Los juguetes de una niña, juguetes de piedra.
Un tren, un avión, un coche. Niza, fin de trayecto. Nice, Nizza, Nica, Nissa, Ніцца, Ηίκαια, Nicea, Nicaea, Nisa, Ницца. Soñaban con la Riviera, y luego un día les entregan el pasaporte, obtienen la visa, ya pueden comprar el billete y, sin más, agarrar a los niños, la niñera, la abuela, las tías solteras, el tío tísico, el perro, el loro, la criada. Se trasladan a Francia, mandan a los niños al colegio, trabajan, trabajan, consiguen la nacionalidad, hacen el servicio militar, mueren por Francia.
Mueren.
El cementerio judío de Niza se extiende desde hace casi un siglo y medio sobre la colina del castillo, justo delante del mar.
Sobre las tumbas, viejas fotos desvaídas por el sol, borrosas, lavadas, caras sonrientes o pensativas o serias u orgullosas.

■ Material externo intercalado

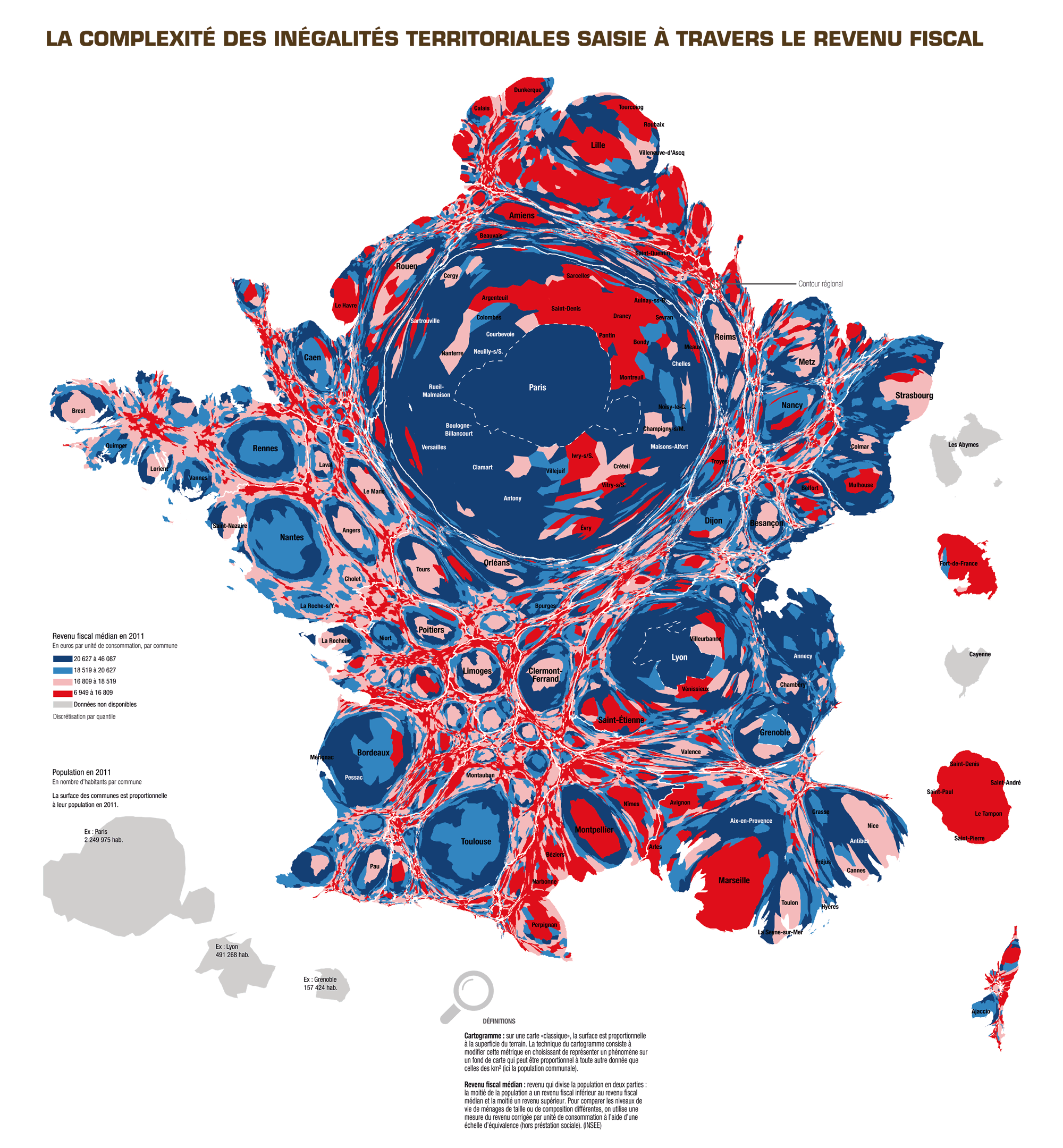 En même temps, l’accroissement des inégalités territoriales est socialement délétère. La lutte contre ces inégalités est un objectif politique prioritaire dont « l’égalité des territoires » marque l’ambition. Au prisme du revenu fiscal des ménages, on constate la force et la complexité des mécanismes de ségrégation à l’œuvre.

Nacieron en Kiev, en Varsovia, en Kishinev, Mariupol, Kherson, Odesa o Nikolajev, en Kaunas, Berlín, San Petersburgo, Leópolis, Radautz en Bucovina, hoy Rădăuți en Rumanía, tambien en Argelia, en Orán o en Costantino, en Taganrog, en Costantinopla y en Londres, también en Rangoon en Birmania, o en El Cairo. En Johannesburg.
Han muerto en Niza, o en Mentone, o más lejos, pero su familia los ha devuelto a su lugar. Al sol sobre el mar.

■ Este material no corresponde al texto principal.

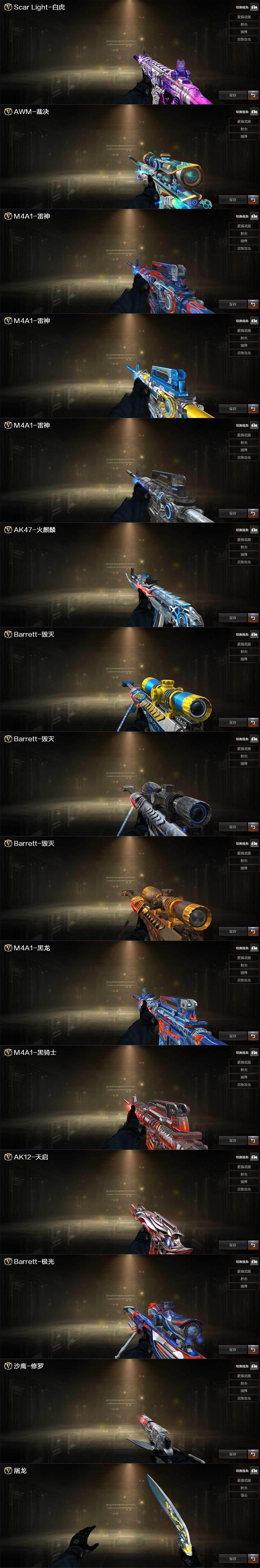 【英雄级武器】:AK47-火麒麟,M4A1-黑龙,M4A1-雷神*3,M4A1-黑骑士,AK47-无影,M4A1-死神*6,AK47-黑武士,AN94-超新星,M4A1-龙血*4,M4A1-雷霆*2,QBZ03-金色蔷薇,AK-47-猩红传说,AWM-天龙,Barrett-毁灭*5,Barrett-极光,AWM-裁决,M200-竞技荣光,Barrett-金色蔷薇,王者之怒-觉醒版,加特林-炼狱*2,汤姆逊-烈龙,沙鹰-修罗*6,COP-雷霆*2,柯尔特-竞技荣光,USP-冥王,屠龙*5,龙啸,擎天,丛林匕首-玄豹,高爆手雷-雷霆*7,高爆手雷-玄豹,闪光弹-雷霆*7,闪光弹-玄豹*2,烟雾弹-雷霆*7,烟雾弹-玄豹*3,M4A1-赤狱骑士

En los años negros, que aquí fueron menos negros que en otros sitios, algunos murieron muy lejos, en el Este. De ellos no quedan sino unas breves líneas en su memoria.
Algunas lápidas nos sorprenden con su tipografía arcaica. En efecto, se trajeron aquí las antiguas piedras del anterior cementerio judío que estaba al pie de la colina. La lápida más antigua data de 1540. Sobre otras, las letras de bronce verde reflejan la multitud de lenguas en otro tiempo vivas: francés, hebreo, polaco, italiano, ruso con la antigua ortografía previa a 1918, inglés, alemán. Y esculpidas en la piedra, letras borradas, palabras olvidadas.
Poco a poco las piedras desaparecen bajo los pies de los paseantes. Abajo, más allá de los árboles, el azul del mar.